Zero-CO₂ metals

A hydrogen-based steelmaking process that produces water rather than CO₂ as a by-product could help us to reduce our carbon footprint.

Many manufacturing processes for essential industrial materials emit CO₂ and other environmentally harmful waste streams. These waste products are typically by-products of the underlying chemical processes and the accompanying combustion heating requirements.

The science

New ‘green chemistry’ methods for the processing of inorganic materials—such as metals and ceramics—are attracting plenty of interest worldwide. At Paihau—Robinson Research Institute, we're taking a whole-of-systems approach to traditional materials manufacturing processes. We're focusing on minimising emissions through changing the underlying chemistry.

Our flagship project is using hydrogen to eliminate fossil-based carbon from the industrial steelmaking process. Instead of CO₂, the by-product of the process is—quite simply—water. This high-temperature reaction is performed in a high-temperature reactor which has been custom-built at the Institute.

We are also exploring new routes to producing critical materials like vanadium, as well as sintered technical ceramics and industrial inorganic compounds.

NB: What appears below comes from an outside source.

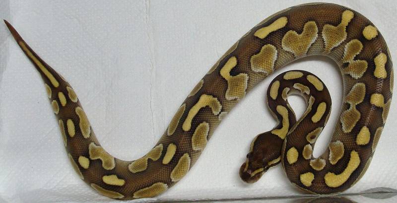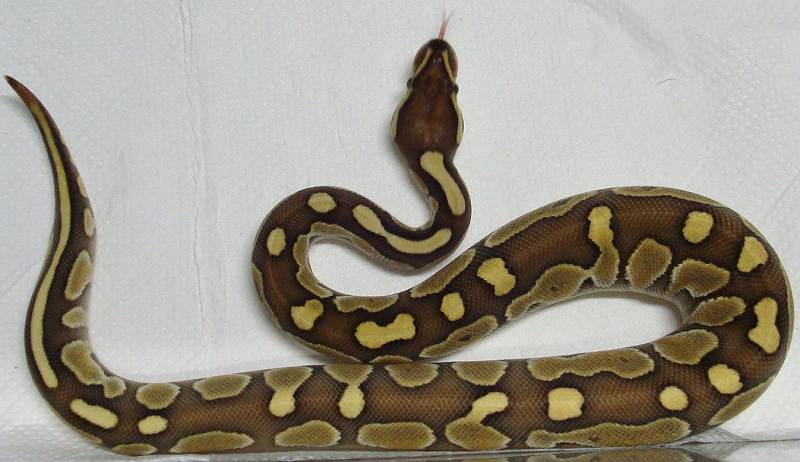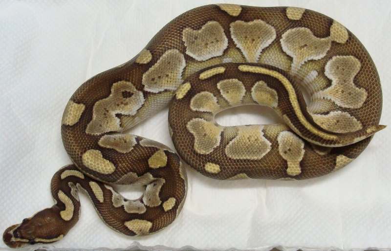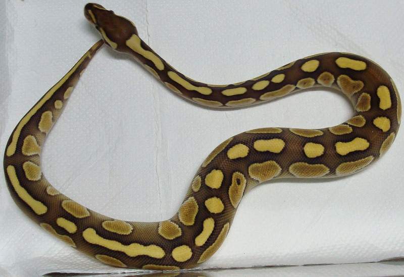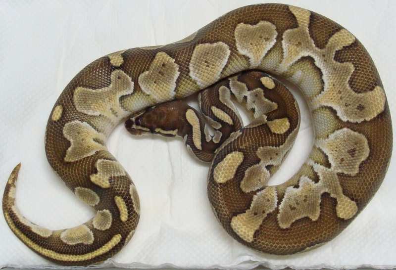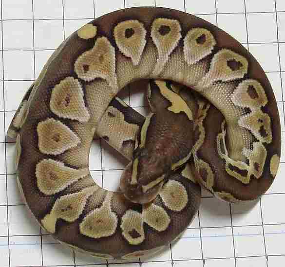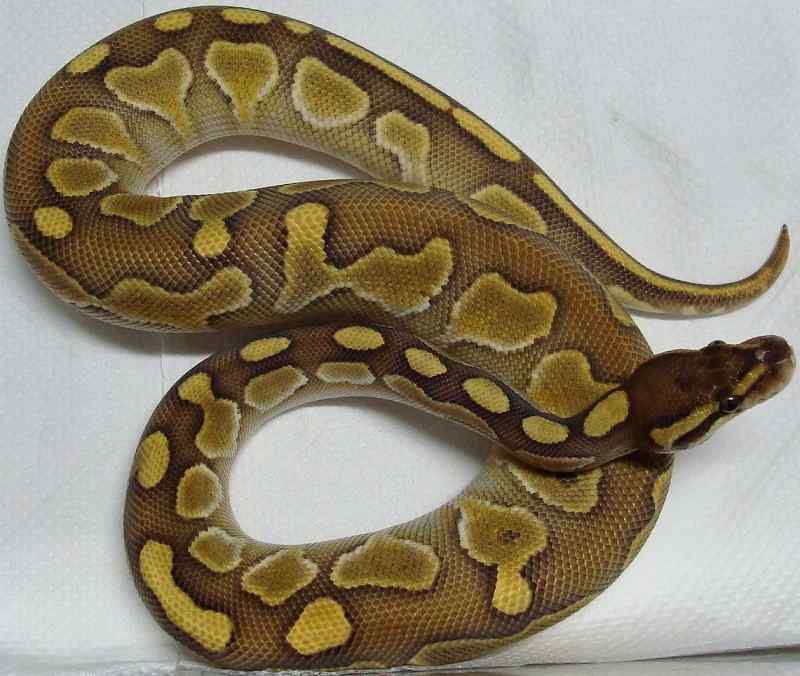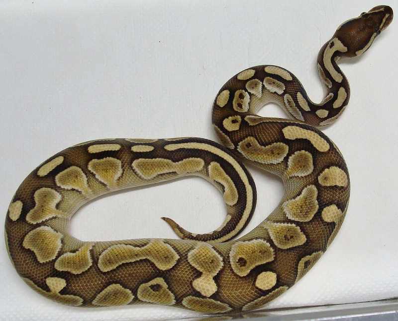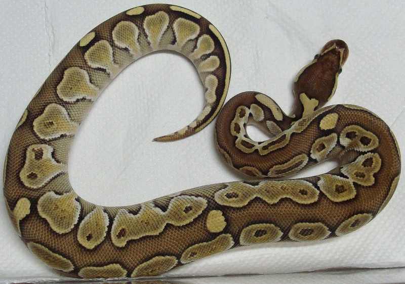 ♀ | レッサープラチナ 鼻先上面に小さな擦り傷治癒跡あり。 治癒痕画像 茶色部分が白くなり目を通過する ラインが鼻上面でつながっている ように見えます。 既に傷は、治癒していて数回の脱皮 で茶色に戻ると思います。 ■■売切れ■■ ■150,000円■ ハッチ日:2009.6.15 体重:64g(孵化温度約30.5℃) 購入店:自家ブリード ブリーダー:日本、ヘラクレス 親:BPLP1♂(50%ポッシブルヘテロパイボール) ×BP13♀ |

Our automated sampling system means reactor studies that typically took weeks to work through can now be done at the Institute in just a single day.

Impact and potential

In New Zealand alone, the steelmaking industry accounts for 14 percent of net national CO₂ emissions. In order for us to meet future CO₂ emission targets, we will need to minimise or eliminate carbon inputs in the steelmaking industry. Our work has shown that this could be achieved using our alternative process technology, which employs hydrogen as a reactant and high-temperature electromagnetic furnaces.

Using hydrogen instead of carbon not only creates opportunities to improve environmental sustainability, it also increases the purity of the final metal product and reduces the overall size of the reactor that is required. Changing to a hydrogen-based process has additional advantages for the steel plant owner, as it simultaneously increases revenue and significantly decreases capital costs.

The people

Dr Chris Bumby leads the Zero-CO₂ metals programme at the Institute. He recognises the unprecedented benefits that the Institute brings by having engineers, physicists, and materials scientists collaborating closely to accelerate progress on a complex problem. Novel experimental reactor designs are conceived, designed, built, and tested in house. Automation of purpose-designed systems enables a wide range of conditions to be studied in detail and quickly.